The City of Staten Island?

The thing about New York City is that it isn't a city -- it's several.

The City of New York is basically a holding company, an archipelago of cities, a stuffed box of a municipalities, a necklace wrapped around the throat of New York Harbor -- a true urban empire. 

Brooklyn was and, in many ways, remains its own city. Manhattan and the Bronx used to be the entirety of New York City before annexing Brooklyn and the county of Queens in 1898 -- a county that, by the way, had its own cities (Long Island City and Flushing) plus a bunch of towns and villages. The fifth wheel, the "Odd-Man In", was the county of Richmond, a lightly populated island of villages, that today is known as Staten Island.

And in any family, there are tensions.

While most of NYC is urban and racially diverse, Staten Island mostly suburban -- and white. While most of NYC is liberal and tolerant, Staten Island is conservative and angry. And while four of the five boroughs has a population of 1.5 to 2.5 million, Staten Island has around half-a-million. It's the black sheep of NYC.

Because it ill-fits the rest of the city, Staten Island has, over the last hundred years, made occasional noises about seceding from NYC and becoming the independent City of Staten Island. In 1993 there was a non-binding referendum about secession that passed -- and then went nowhere in the state legislature.

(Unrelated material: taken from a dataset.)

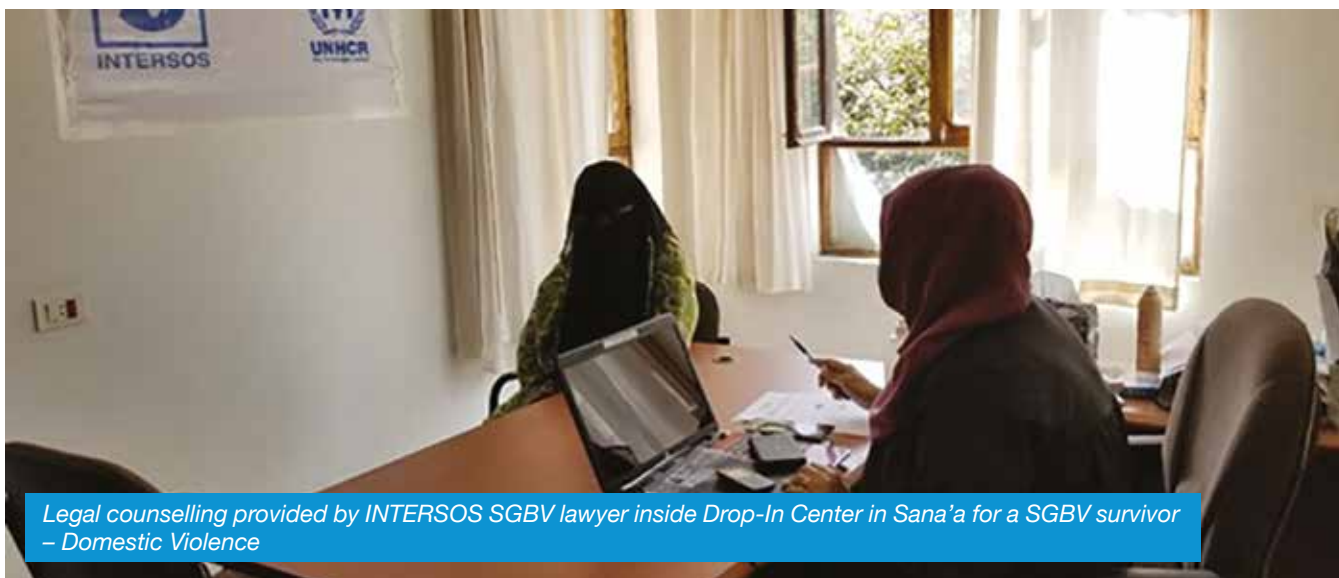
Legal counselling provided by INTERSOS SGBV lawyer inside Drop-In Center in Sana'a for a SGBV survivor – Domestic Violence

The Global Compact on Refugees, affirmed by the United Nations General Assembly in 2019, put in place a new comprehensive refugee response model. One principal mechanism for follow-up and review is the Global Refugee Forum where States and other actors come together every four years to share good practices and contribute with pledges of financial support, technical expertise and policy changes to help reach the goals of the Global Compact. The first Global Refugee Forum took place in December 2019, and INTERSOS pledged to conduct a lessons learned research on provision of legal aid based on operational experiences from different operational contexts.

But now the seceders are making noise again -- they want to establish a commission to examine the legal, political, and economic feasibility of becoming its own city. This article gets into the dirty details of what this would entail.

Make no mistake -- at the heart of this secession "movement" is racism. It's about a bunch of white people who don't want to be governed by a majority-minority government. And it isn't really a movement -- no one's holding rallies or taking to the streets in support of secession -- it's mostly social media posts and the pontifications of politicians who know it'll go nowhere and don't want it to.

Like Brexit or Roe v. Wade or the Iraq War, people talk a lot of hot air about how great it would be if we just broke away/overturned/invaded this Big Bad Thing and then come to rue. Staten Island secession is just another such fever dream -- they would lose all city monies, their property taxes would explode, all the schools and police stations and firehouses and public services would vanish and have to be replaced overnight, they'd have to pay tolls to take the ferry into Manhattan -- it would be a mess. 

I've blogged about this before -- and it remains as true now as then.